それでもミシンを買いました 5  苦闘

     ネジを外して、鉄板外して、ボビン取り出して、カマをのネジを調節して、戻して、試し縫いして・・・
     なんて面倒なんだろう・・・ 調子が合うまでこれをくりかえすっていうの?

     兄ちゃん曰く、
     「僕らでも一発で調子を合わせられるようになるのに10年かかりましたからね」
     げ・・・ マジですか? 
     なんでも、調子を合わせるのに10回くらいはこの作業を繰り返さなければならないらしい。
     しかも、何回も作業を繰り返すと、カマを傷める元になるから、できるだけ少ない回数で
     調節するのが望ましいのだそうだ。
     ますます面倒だな(-_-;)  しかも布の厚さが変わるごとに調節をし直さないといけないらしい。
     すでに気持ちが重くなってくる。 このミシンじゃダメかも・・・

     にゃおは、ふと疑問に感じたことを兄ちゃんに尋ねた。
     「裾上げなんかしてて、布の厚さが変わる場所に来たら、そこでストップして、今みたいに
     調節し直すんですか?」
     「そうなりますね。 でないと、今みたいにツレますから」
     あう・・・( ̄□ ̄;)!! これはダメだ。
     そして、この兄ちゃんの一言が、にゃおを禁断のゾーンへと導いてしまうのだった。
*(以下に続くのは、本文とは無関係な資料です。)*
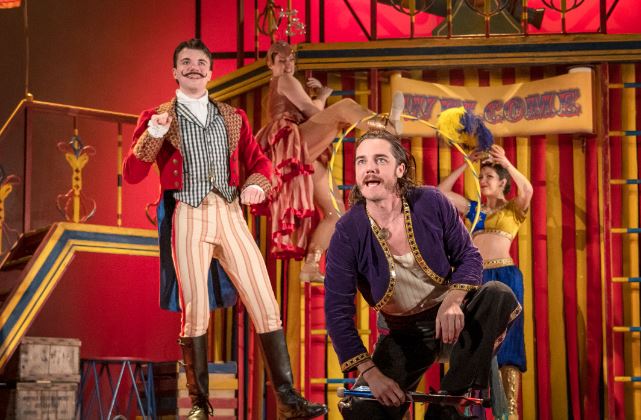 A circus big-top creates both the setting and the ambiance of the show. Designer Sara Perks’ multi-level fairground circus set allows three-dimensional movement. Its colours are of the Senyera, the yellow and red Catalan flag, and this vibrancy of colour follows through into the costumes. They are bold exaggerations of Victorian attire, except for Nellie Bly, whose costume replicates in black and white the travel suit and cap that Bly wore throughout the whole of the journey. The construction of the costumes is a work of art by Hazel Jupp’s wardrobe team at York Theatre Royal, as these had to allow for highly athletic movement, and quick-changes requiring much under-dressing.

     「それは厳しいですねぇ。 自動糸調節のついたものはないんですか?」
     にゃおは、口にしてはいけないことを言ってしまった。
     この時、にゃおの頭の中には昔のミシンの姿が浮かんでいた。 確か、糸調節をするダイヤル
     みたいなのがあって、それを回して調節していた記憶があった。 このミシンにはその
     ダイヤルすらついていない。 そういうのはないのか? という意味でだったのだけど、
     15年ぶりのミシンはあまりにも久しぶりすぎて、各部分の名称なんかも忘れていた。
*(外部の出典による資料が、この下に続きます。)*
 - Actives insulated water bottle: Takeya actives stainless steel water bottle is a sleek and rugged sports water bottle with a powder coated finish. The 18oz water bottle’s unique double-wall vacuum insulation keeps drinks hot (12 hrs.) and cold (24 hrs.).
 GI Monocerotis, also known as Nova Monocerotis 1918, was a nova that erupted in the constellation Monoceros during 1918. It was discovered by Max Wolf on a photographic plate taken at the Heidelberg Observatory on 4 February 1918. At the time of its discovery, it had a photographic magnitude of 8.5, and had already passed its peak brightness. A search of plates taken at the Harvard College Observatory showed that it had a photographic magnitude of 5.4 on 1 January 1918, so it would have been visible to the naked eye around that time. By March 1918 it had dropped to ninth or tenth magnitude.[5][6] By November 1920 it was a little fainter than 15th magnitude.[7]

     兄ちゃんは、「今、ちょうど、車に積んでるのがあるんで、それを見てみますか?」と言った。
     この時、にゃおはすでに兄ちゃんの罠にはまっていたのかもしれない。
     兄ちゃんは車に戻って、別のミシンを一台持って来た。 ジャノメ製品だ。 
     出して見ると、それは今まで目の前に置かれたミシンとは比べ物にならないくらい立派な
     ものだということが、素人のにゃおにもハッキリわかった。 持ち運びのできるハードケース付き
     だし、サイズもそれまでのミシンより一回りくらい大きい。 そして、小窓がついていた。
     コンピューターミシンだという。 縫い方など、ワンタッチで記憶させたりできるらしい。 糸の
     縫い幅なども自由自在にコントロールできるようだ。 確かに操作は楽みたい。
     「これだと、自動糸調節がついてるんで、途中で布の厚さが変っても今みたいにツレる
     事もないし、調節する必要もないですよ」
     兄ちゃんは、そのミシンにも、にゃお自身にボビンの糸を巻かせたり、上糸や下糸の準備を
     実践させた。 そのあとで、見ててくださいと、まずは、にゃおが用意していた薄手の布を
     縫って見せた。
     確かに、いきなりキレイに縫えた。 今度は、兄ちゃんが持参した厚い布を取り出す。 それは
     キルティング生地を4つ折りにしたくらいの厚さのものだったが、薄手の布と取り替えてすぐに
     キレイな縫い目を披露してくれた。 ああ、これは楽!!

     「これ、いいですねぇ」
     きっと、にゃおのその言葉にはもう、これが欲しいっていう無意識のメッセージが溢れていた
     のだろう。 

     「ただ、こちらは、ちょっと高くなるんですよ」
     「おいくらなんですか?」
     「え〜と、21万8000円になりますね」

     はぁぁぁぁぁ〜〜〜???
     に・・・にじゅういちまん、はっせんえん???( ̄□ ̄;)!!

     にゃおは、卒倒しそうになった(いや、この時、卒倒しとけばよかったかも)。